● EXERCISE OBJECTIVE:
An exact transcription of the lines from the one holding "開口部:ファスナー式、内部:2室・オープ" to the end of the entries below, and nothing more, is the required answer. Please omit the pictures.

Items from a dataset
⟨

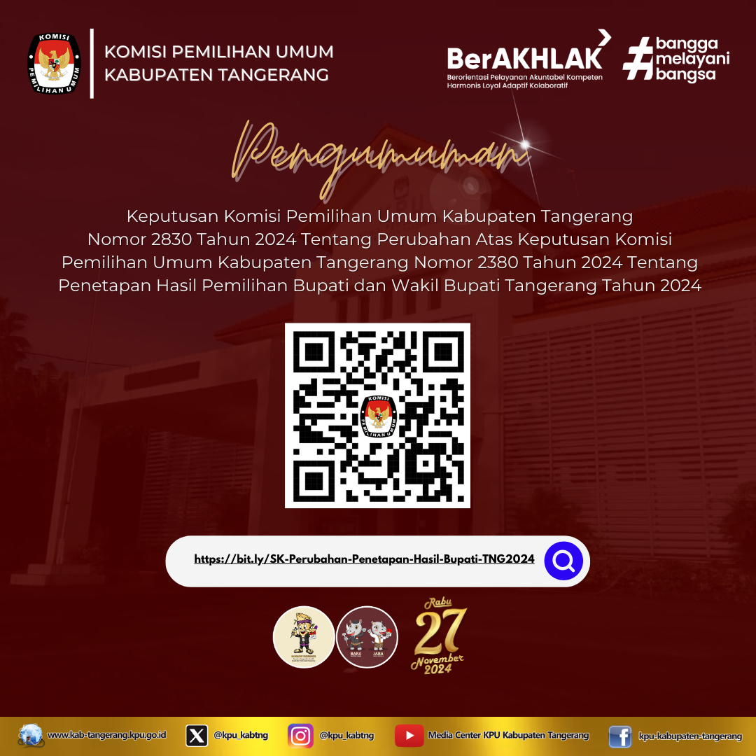 SK Perubahan Penetapan Hasil Pemilihan Bupati dan Wakil Bupati Tangerang Tahun 2024
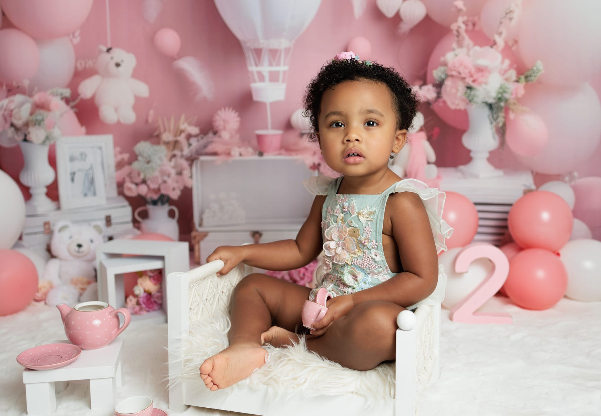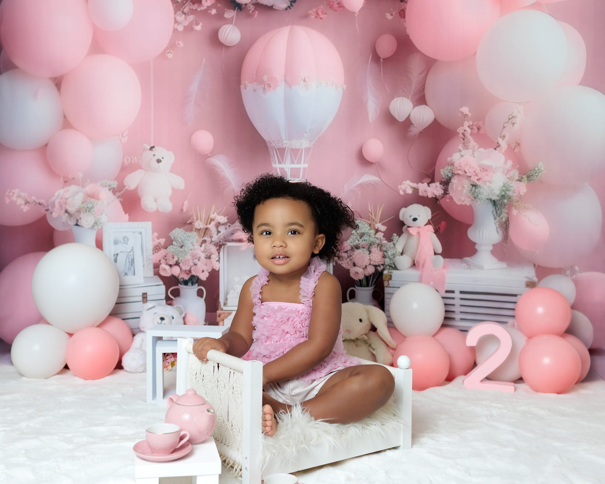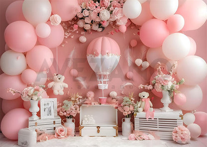 Avezano Pink Girl Flowers and Hot Air Balloons Birthday Party Photography Background
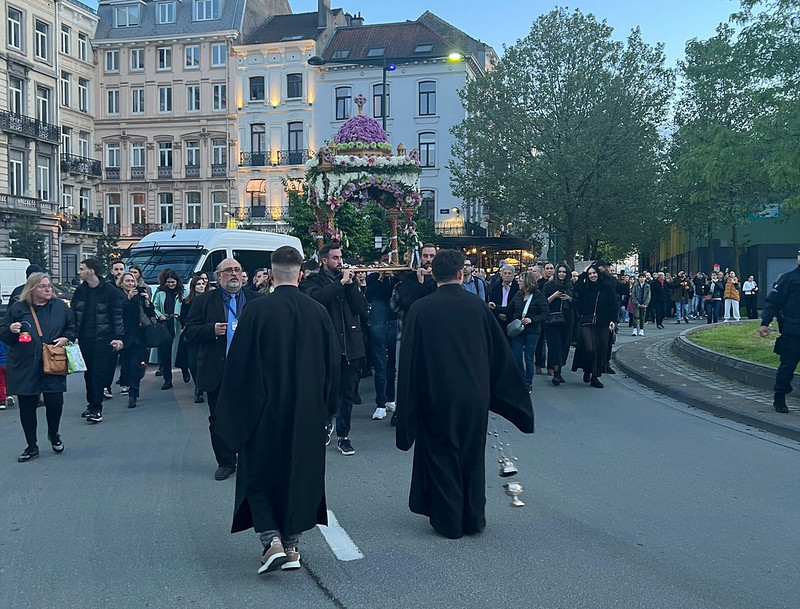 Les célébrations de la Pâque orthodoxe ont commencé la veille au soir (NDLR vendredi 3 mai) qui était le Vendredi saint : « Ce jour-là, nous marchons dans une somptueuse procession avec des bougies, des chants et l’épistaphios pour bénir les rues autour de l’église ». L’épitaphios est un vêtement richement décoré représentant le Christ mort, il représente le tombeau du Christ quittant l’église. « Hier, j’ai participé à la procession de notre église à Molenbeek-Saint-Jean. Même si la plupart des habitants ne sont pas orthodoxes, il n’y a jamais de problème. Notre foi et nos traditions y sont respectées.
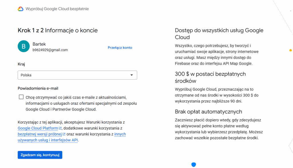 • Powiadomienia e-mail: – Możesz zaznaczyć opcję otrzymywania aktualizacji o usługach Google Cloud jeśli jesteś tym zainteresowany(a)
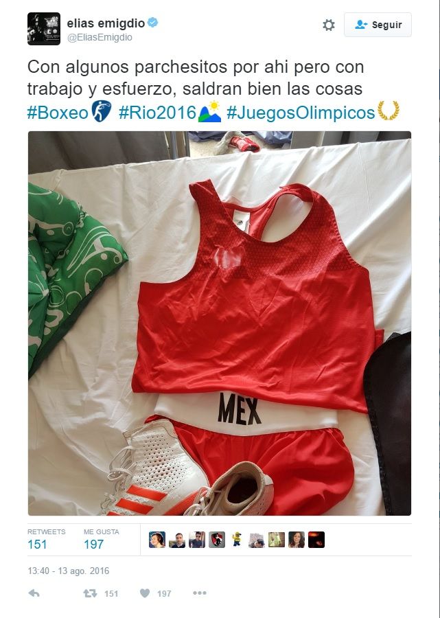 “Con algunos parchesitos por ahi pero con trabajo y esfuerzo, saldran bien las cosas #Boxeo #Rio2016 #JuegosOlimpicos”, señala su mensaje en la red social.
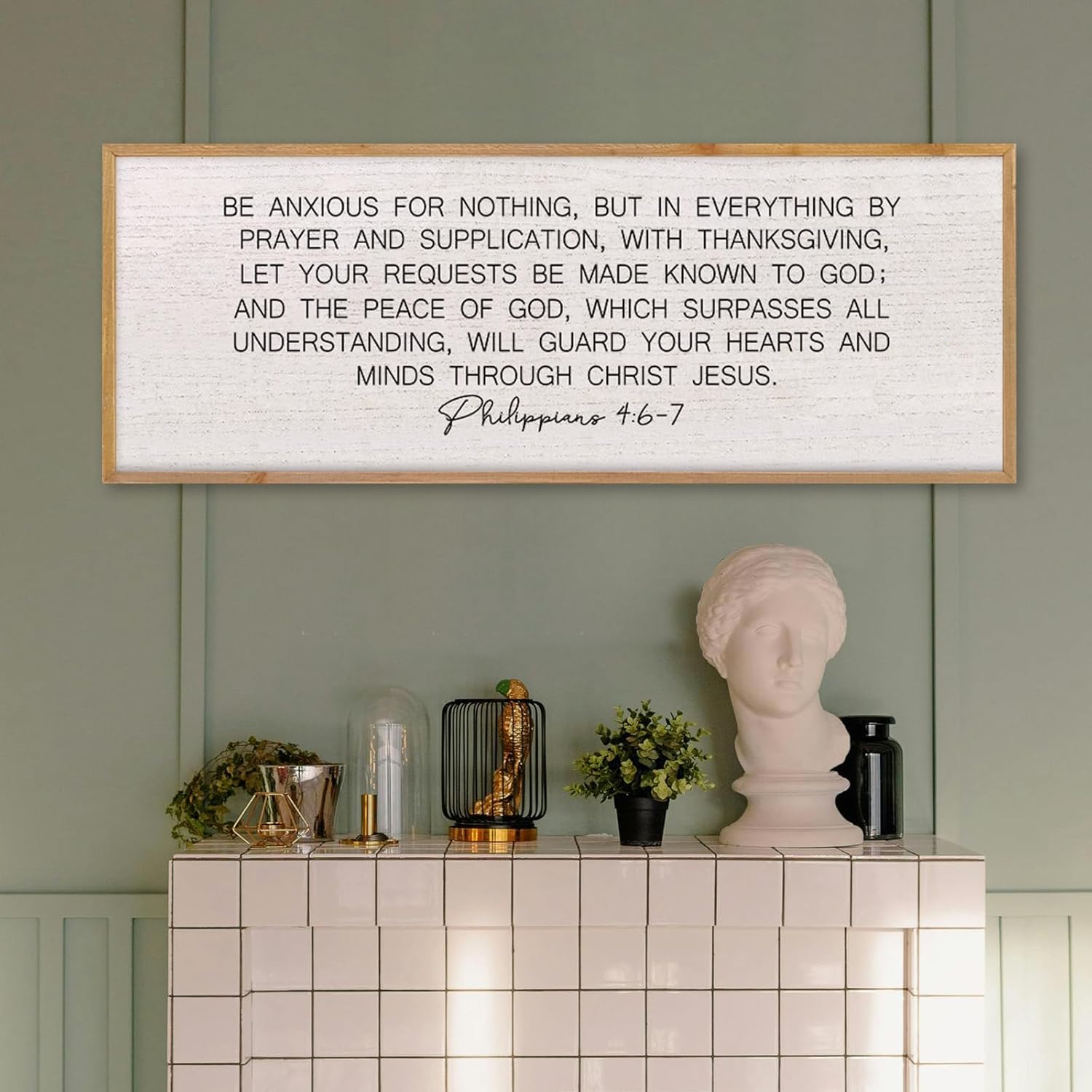 LuZhiQiang Be Anxious for Nothing Wall Decor 40"×15" Philippians 4:6-7 Bible Verse Sign Large Christian Scripture Wood Framed Hanging Decor (Wood)
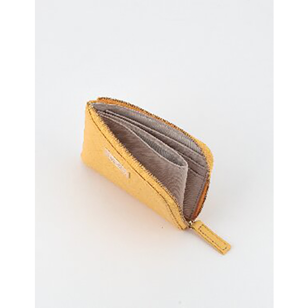 開口部:ファスナー式、内部:2室・オープン式小銭入・カード入6。空いたスペースに折りたたんだお札も収納可能。
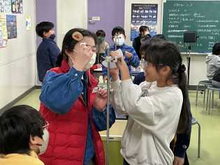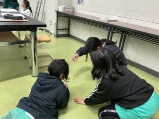 理科の学習では、空気の温まり方を学習する単元で、床と天井近くの温度を温度計で計測しました。脚立に登るときに、「高所恐怖症なんだけど・・・」と言いながらも仲間のためにがんばって高いところの温度を計測している子もいました。 |

⟩

● EXERCISE RESPONSE:
 開口部:ファスナー式、内部:2室・オープン式小銭入・カード入6。空いたスペースに折りたたんだお札も収納可能。
 理科の学習では、空気の温まり方を学習する単元で、床と天井近くの温度を温度計で計測しました。脚立に登るときに、「高所恐怖症なんだけど・・・」と言いながらも仲間のためにがんばって高いところの温度を計測している子もいました。 |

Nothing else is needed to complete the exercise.